9 Le découpage de l’image correspond au découpage usuel des quadrants mathématiques numérotés de 1 à 4 dans le sens anti-horaire, à partir de celui situé dans le quart de plan supérieur de droite.

rampe d’escaliers menant sur le quai. On aperçoit une partie des rails. Pris individuellement, ce quadrant contient tous les éléments permettant de situer le lieu de l’action.

Quadrant 2

Ce quadrant met en scène un monsieur au visage inquiet (des gouttes de sueur giclent de son front et il a la bouche grande ouverte) qui court pour prendre son train car il est sûrement en retard. Il porte une mallette (inférence du travail). Un contrôleur de train siffle le départ du train et fait une gestuelle pour indiquer que le train s’en va. Les portes sont effectivement déjà fermées. Une note de musique s’échappe de son sifflet indiquant qu’il siffle. Son visage est peu expressif/peu enjoué.

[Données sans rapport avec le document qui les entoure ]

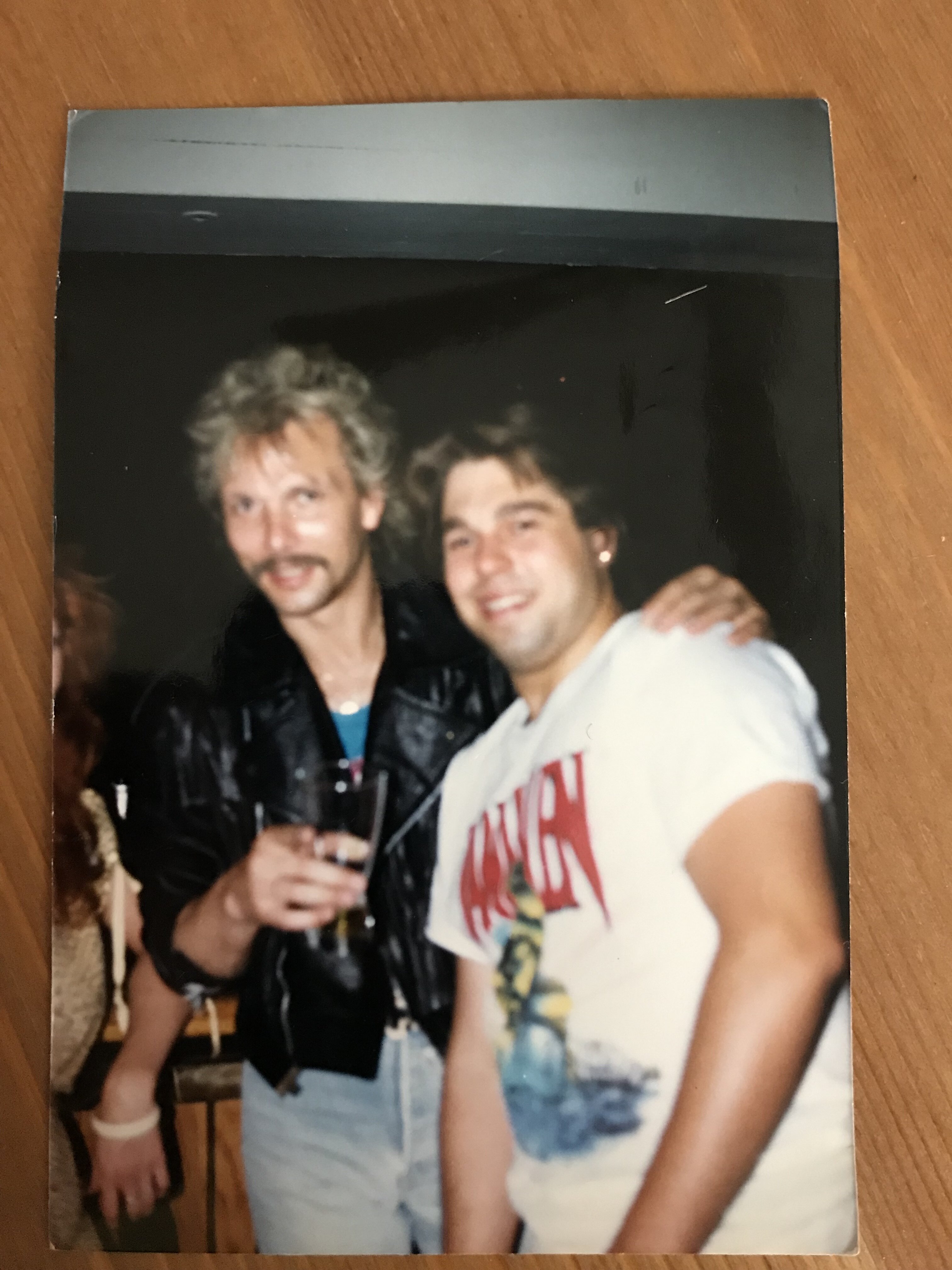 Jabs is a TOOL!!! In 1988 we stayed at the same hotel as all the bands on the monsters of rock tour. This concert was at alpine valley in East Troy Wisconsin and the hotel was in lake Geneva. (The old playboy club) a few hours after the show, all of the band members, except for Van Halen were in the hotel bar. I walked right up to Rudolph who was drinking at the bar. Said hello to him, shook his hand and bought him a beer (Becks) we talked for quite a while and he even bought me the next beer. In that photograph, Kirk Hammett is at the bar right next to me. We spotted jabs sitting in a corner table with some people and being starstruck young kids, We were just kind of looking at him. You know what I mean? All of a sudden his bodyguard comes up to us and says, stop staring at the man you’re making him nervous. What a Prima Donna. Rudy was so cool and nice to me I’ll never forget it. (Even with my Van Halen shirt lol) they all had bodyguards in the wings in the bar. And when I asked Rudy if I could take my picture with him, he said in a thick German accent. “ you see that guy over there, usually he doesn’t let me do things like this, but this time I say ok!”

Ce quadrant contient également une horloge, permettant de vérifier si le patient peut lire l’heure (6h06/18h06) et également s’il peut faire une inférence quant à la période de la journée représentée par la scène. On peut lire le mot « départs » qui aide également à situer le lieu. La présence d’un mot écrit permet d’évaluer si le patient peut le déchiffrer. Ce quadrant, pris individuellement, contient tous les éléments permettant de situer le lieu de l’action.

Quadrant 3

On voit une scène humoristique bien connue de tous : un monsieur, malchanceux, glisse sur une peau de banane. Il semble apeuré et surpris (la bouche grande ouverte, les yeux grands ouverts). Il va tomber et sa valise s’ouvre. Ses affaires vont être éparpillées sur le quai. L’inférence se fait par l’interaction du monsieur, de la peau de banane et de la valise qui s’ouvre. Il y a un non mot

« zip » ou onomatopée écrite. On remarque la présence de la poubelle, considérée comme un élément non pertinent. Ce quadrant, à lui seul, ne permet pas de déterminer précisément le lieu de l’action.

Quadrant 4

Une dame âgée/une grand-maman est assise sur un banc. Elle lit de manière concentrée, en attendant le train. Elle a son sac à commissions à côté d’elle. On voit également un homme, coiffé d’un bonnet, qui traverse tranquillement les voies en tirant sa valise à roulettes, alors qu’il y a un panneau d’interdiction derrière lui. Il semble distrait et il siffle. Il représente l’élément étrange et non conventionnel de la scène. Ce quadrant pris individuellement, contient tous les éléments permettant de situer le lieu de l’action.

Notre objectif, en construisant cette nouvelle image, est véritablement de créer quelque chose de nouveau, sans forcément rester dans le cadre de ce qui a été fait précédemment par d’autres auteurs.